═════ Recorded information ═════

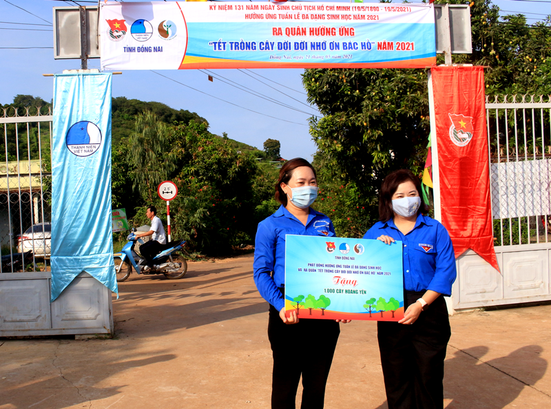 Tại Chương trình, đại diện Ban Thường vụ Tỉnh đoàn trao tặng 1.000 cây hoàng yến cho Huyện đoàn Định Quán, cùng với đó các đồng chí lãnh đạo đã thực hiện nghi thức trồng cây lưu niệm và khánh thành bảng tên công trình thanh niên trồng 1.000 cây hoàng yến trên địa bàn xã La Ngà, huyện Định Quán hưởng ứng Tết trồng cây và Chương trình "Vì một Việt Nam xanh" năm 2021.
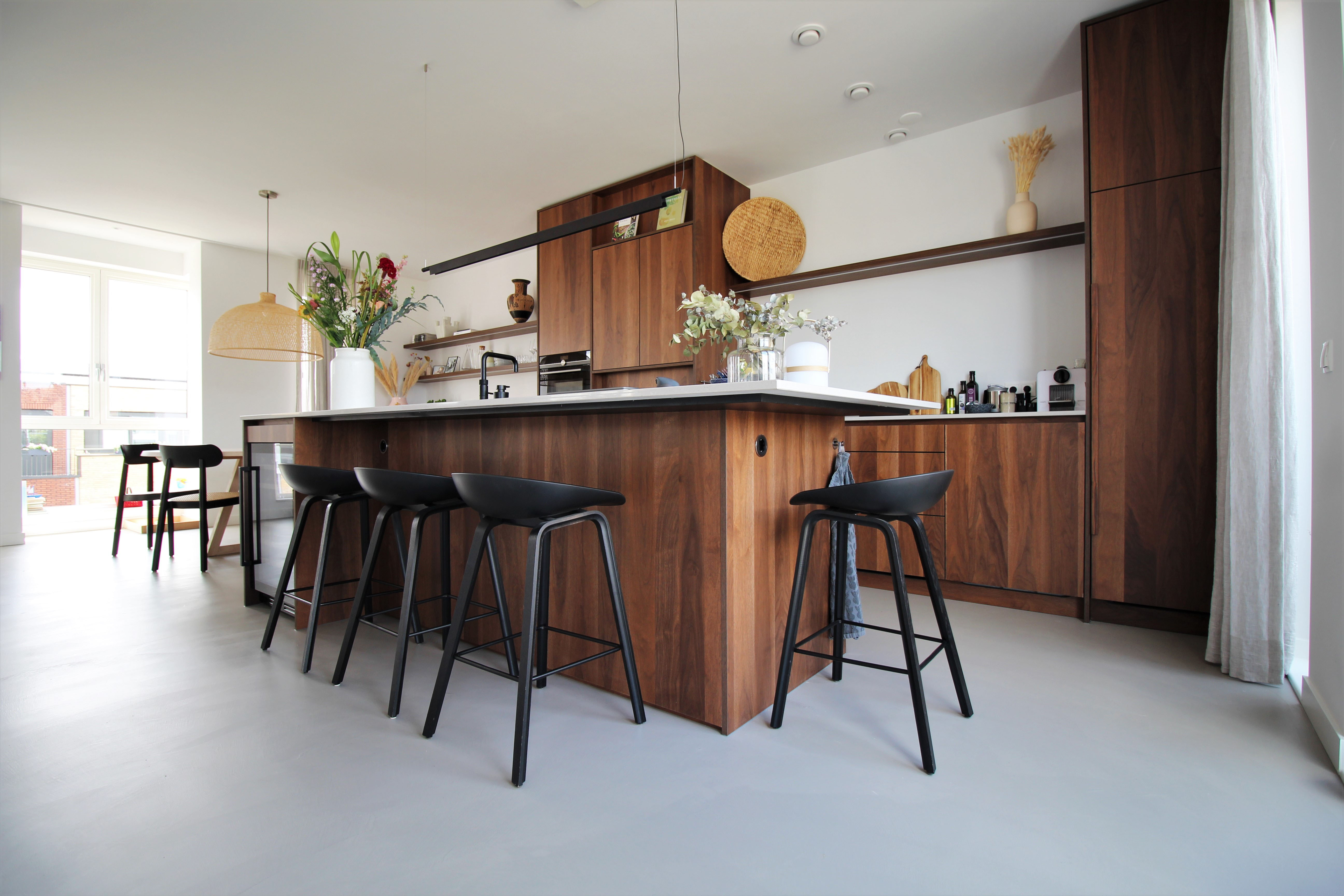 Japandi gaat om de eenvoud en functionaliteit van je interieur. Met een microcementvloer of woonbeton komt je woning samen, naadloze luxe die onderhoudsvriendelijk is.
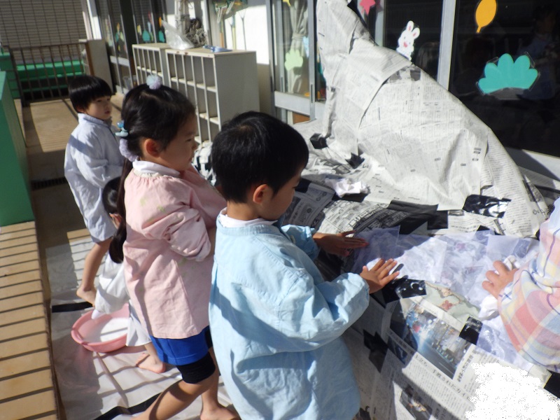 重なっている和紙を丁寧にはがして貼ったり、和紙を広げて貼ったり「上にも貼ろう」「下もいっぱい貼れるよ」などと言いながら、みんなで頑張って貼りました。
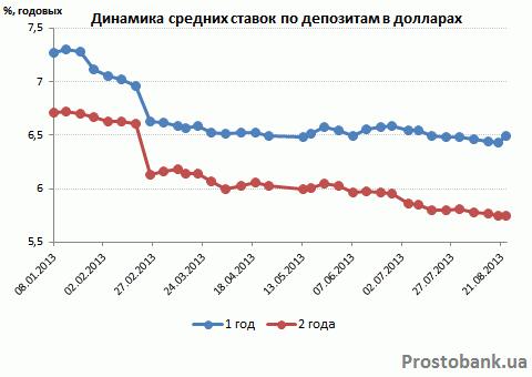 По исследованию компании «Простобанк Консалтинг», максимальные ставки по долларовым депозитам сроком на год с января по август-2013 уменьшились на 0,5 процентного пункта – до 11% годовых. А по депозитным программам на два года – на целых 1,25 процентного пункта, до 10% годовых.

═════

> _Work required_:
Output the lines above in full and exactly as given, omitting any pictures.

> _Reply_:
 Tại Chương trình, đại diện Ban Thường vụ Tỉnh đoàn trao tặng 1.000 cây hoàng yến cho Huyện đoàn Định Quán, cùng với đó các đồng chí lãnh đạo đã thực hiện nghi thức trồng cây lưu niệm và khánh thành bảng tên công trình thanh niên trồng 1.000 cây hoàng yến trên địa bàn xã La Ngà, huyện Định Quán hưởng ứng Tết trồng cây và Chương trình "Vì một Việt Nam xanh" năm 2021.
 Japandi gaat om de eenvoud en functionaliteit van je interieur. Met een microcementvloer of woonbeton komt je woning samen, naadloze luxe die onderhoudsvriendelijk is.
 重なっている和紙を丁寧にはがして貼ったり、和紙を広げて貼ったり「上にも貼ろう」「下もいっぱい貼れるよ」などと言いながら、みんなで頑張って貼りました。
 По исследованию компании «Простобанк Консалтинг», максимальные ставки по долларовым депозитам сроком на год с января по август-2013 уменьшились на 0,5 процентного пункта – до 11% годовых. А по депозитным программам на два года – на целых 1,25 процентного пункта, до 10% годовых.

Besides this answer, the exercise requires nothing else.